Raffigura un’ape in merletto anche la tovaglietta creata dall’atelier Martina Vidal che, per l’occasione, ha anche rivestito una mascherina chirurgica con una particolare stoffa, abitualmente usata nella collezione di biancheria per la casa e che riproduce la pavimentazione della chiesa dell’isola di San Giorgio. E per finire c’è lo Scrigno del Doge, un prodotto artigianale in vellutino veneziano creato da Andrea Baso assieme agli “scrignetti” per contenere la parure in oro e argento. Costruito artigianalmente lo scrigno si ispira all’antica tecnica dei Vazineri risalente al 1314.
Il book di presentazione del progetto con storytelling di Nadia De Lazzari e immagini d’autore del fotografo Riccardo Roiter Rigoni, completano il progetto.

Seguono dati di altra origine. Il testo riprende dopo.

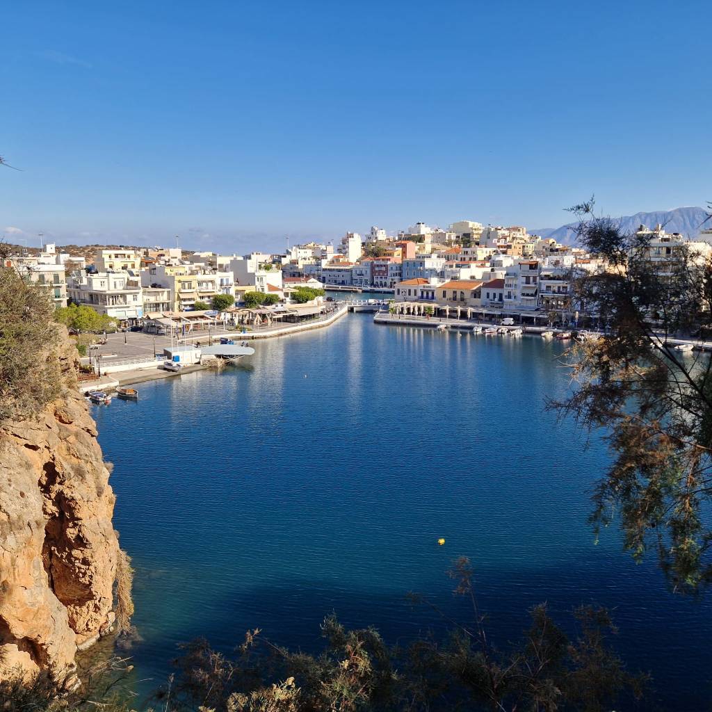 In der Mitte der knapp 12.000 Einwohner zählenden Stadt befindet sich der mit dem Meer verbundene Voulismeni-See, um den sich zahlreiche Tavernen und Bars ansiedeln. Es empfiehlt sich die Stufen hinauf zu den Tavernen über dem „See“ zu erklimmen und dann oben zumindest einen Kaffee zu genießen.

Un Serenissimo tortino al cioccolato tra i gioielli della città

Per la presentazione dello Scrigno del Doge, in onda in diretta social sui canali di Venezia360, il Caffè Florian, con lo Chef Pâtissier Cristiano Strozzi, ha ideato un dolce di alta pasticceria: una tortina monoporzione con base al miele di Sant’Erasmo, da gustare con la forchetta.

Dolce Scrigno del Doge
La ricetta del nuovo dolce sarà divulgata ai docenti pasticceri dell’istituto alberghiero Barbarigo per essere tramandata alle nuove generazioni di chef.
“Ai primi di dicembre – ha detto il direttore del Florian, Renato Costantini – sarà presentato il francobollo che celebra i 300 anni del Florian, tre secoli di storia, cultura, arte. In queste sale nacque, nel 1765, il primo quotidiano stampato a Venezia, il Diario Veneto, sempre qui, nel 1893, fu ideata la Biennale“.

Venezia città dei profumi

Insieme al tortino il Florian ha presentato anche due nuove essenze per la casa il cui aroma ricorda quello delle spezie importate dalla Serenissima ed un profumo ispirato alla prima acqua di colonia creata nel Settecento da un profumiere italiano. L’antica ricetta, in versione contemporanea, è caratterizzata da una base d’ambra unita ad un’essenza agrumata e all’assoluto di gelsomino.
In preparazione, anche un film corto dedicato agli artigiani che hanno realizzato lo Scrigno del Doge.
Lo realizzeranno Samuele Semenzato e Sabrina Zanninello di Qual Buon Veneto Media House. Lo Scrigno del Doge è in vendita, anche su prenotazione, alle gioielleria Meneghetti di campo San Bortolomeo. I prodotti sono acquistabili anche singolarmente.